Emma watches him go, and once the door clicks shut behind him she takes the hair she plucked from the sleeve of his sweater and places it carefully on the sheet of paper that bears his name. She folds the paper several times upon itself until the hair is safely enclosed within it and puts it in her pocket. 
~
The moon is high in the sky, round and luminous, when Emma lights the fire beneath her cauldron with a flick of her wrist. She tosses in a bit of this and a pinch of that, gives it a stir and lets it simmer as she consults a crumbling, leather-bound book. 
The grey cat leaps onto her table, delicately avoiding the bottles of potions and powders that litter it. He sits on the edge and curls his tail around his paws, regarding her with his cool blue eyes.

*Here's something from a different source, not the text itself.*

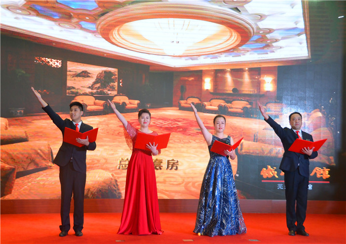 芜湖好人、道德模范、劳动模范、群众代表及政府、企业代表济济一堂,既有白发老人、也有垂髫小友,宾朋满座、其乐融融。铁山宾馆总经理汪春玲向来宾致辞,回顾建馆65年来的发展历程、总结宾馆转型发展、改革创新的成功经验,并向多年来对铁山宾馆给予支持的社会各界人士表达了感谢,期待与众位老友新朋在未来的日子里,携手谱写铁山新的篇章。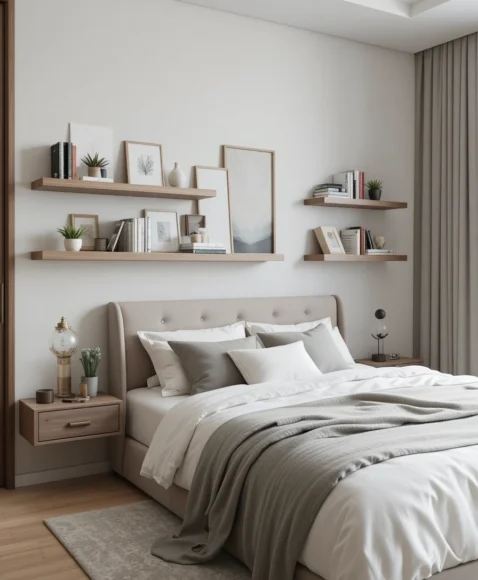 For apartments with limited space, floating shelves are both practical and stylish. Use them to display books, small plants, or decorative items. Pair them with a sleek bed and neutral color palette to maintain a clean, airy feel. Floating shelves give you room to personalize your space without cluttering the floor.

“He saw you,” the cat says. 
“I know.” 
The cat flicks the tip of his tail. “He heard me.” 
“I know, David!” Emma huffs in annoyance as she stirs the contents of the cauldron. 
“Who is he?”
“That I don’t know.” 
She tips a handful of bright blue powder from a glass bottle and into her palm, then tosses it into the cauldron. The contents bubble up with a hiss then settle into a smooth, flat surface. Onto which, when she drops the single dark hair upon it, resolves the image of Killian Jones. 
“But I intend to find out.” 
~
He’s back again three days later, having finished his book and found himself unable to stop wondering what other gems may be among the pile that Emma has tucked away for him. The one he bought was more satisfying than anything he can recall reading since his youth, when tales of adventure kept him awake late into the night, reading beneath the covers with a flickering torch so Liam wouldn’t see. 
Killian knows now that Liam did see, but kept it to himself. 
He feels so little these days other than tired, worn threadbare by stress and sadness, and a book that not only holds his interest but actively engages it is an inestimable treasure. These past few nights have seen him sleeping soundly through them, his mind too exhausted—in the good way this time—to keep him awake with remembering. And all because of a beautiful woman who found him a book. 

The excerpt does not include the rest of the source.